Most companies do this well.
2. Make doing 1-on-1s the default choice.
In most cases, managers don’t make a conscious choice if they should be doing 1-on-1s or not. Thus, in a normal environment, because of inaction or uncertainty in decision making, not doing 1-on-1s becomes the default choice.
Just introducing a process that makes doing 1-on-1s the default choice, significantly increases the likelihood of managers opting to do it regularly.
It could be through a simple prompt in the performance management tool when a new employee is assigned or when a new performance cycle begins:
3. Enable earmarking and scheduling 1-on-1s in advance
Behavioral science tells us that:
As human beings we tend to prioritize tasks which have concrete and immediate benefits vs. tasks which have abstract benefits reaped in the future.
The benefits of doing 1-on-1s meetings are to a large extent abstract and reaped over time. As such, we tend to de-prioritize 1-on-1s over sales meetings, client presentations, work we have to report daily, and even fun outings, all of which give us immediate benefits. In our head we say — “I will do it when I get time”, but these tasks don’t stop coming and we keep prioritizing them over 1-o-1s.
The solution to this is having a system that enables managers to earmark time for 1-o-1s and schedule them in advance. When managers have mentally accounted for a certain time for 1-on-1s, they are more likely to use it for that purpose.
Moreover, scheduling recurring 1-on-1 meetings in advance prevents managers from acting impulsively and deprioritizing 1-on-1s over other work.
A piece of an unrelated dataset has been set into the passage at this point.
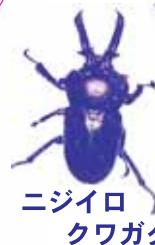
ニジイロクワガタ

It makes canceling a 1-on-1s an active choice and hence less likely.
4. Nudge managers at the right time.
Nudging managers through email or messages, before the scheduled 1-on-1 or when they are trying to cancel a meeting, significantly reduces the chance of them canceling the meeting.
A nudge is an intervention which is easy and cheap to avoid, that alters people’s behavior in a predictable way, without forbidding any options or significantly changing consequences.
Here are a few examples that can be applied in such cases. All of these are inspired by behavioral economics research:
- People tend to be more attuned to losses than to gains. Highlighting the loss of not doing the 1-on-1s on employees’ engagement and productivity can prevent managers from canceling 1-on-1s. e.g. “Cancelling 1-on-1 meetings can reduce employee productivity by up to 60%”
- We have a tendency to make decisions based on information that is readily available. Presenting data or notes from previous meetings or check-ins which highlight the need to do the 1-on-1 can increase the likelihood of managers following through.
- Make canceling the meeting an enhanced active choice with confirmation messages that highlight the cost of not doing the 1-on-1. e.g. “Yes, I want to cancel the scheduled 1-on-1 and signal them that they aren’t my priority.”
- Most people tend to conform to the same behavior as their peers. Showcasing the managers with the highest streak of 1-on-1s or with the least cancellations can nudge them to be regular with 1-on-1s. Similarly, anchoring messages around high streaks of 1–on-1s among peers can nudge managers to do the same:
5. Make it easy and attractive
To make doing 1-on-1 a habit, these meetings must be made easy and attractive for managers.
Scheduling meetings, sharing, and tracking agenda, and meeting notes should be a simple and easy process for managers and direct reports.
These meetings can be made attractive for managers by recognizing managers with the best streak of 1-on-1s. While using anticipatory rewards like scratch coupons can help in ensuring managers follow through on the complete process like drafting and sharing 1-on-1 notes.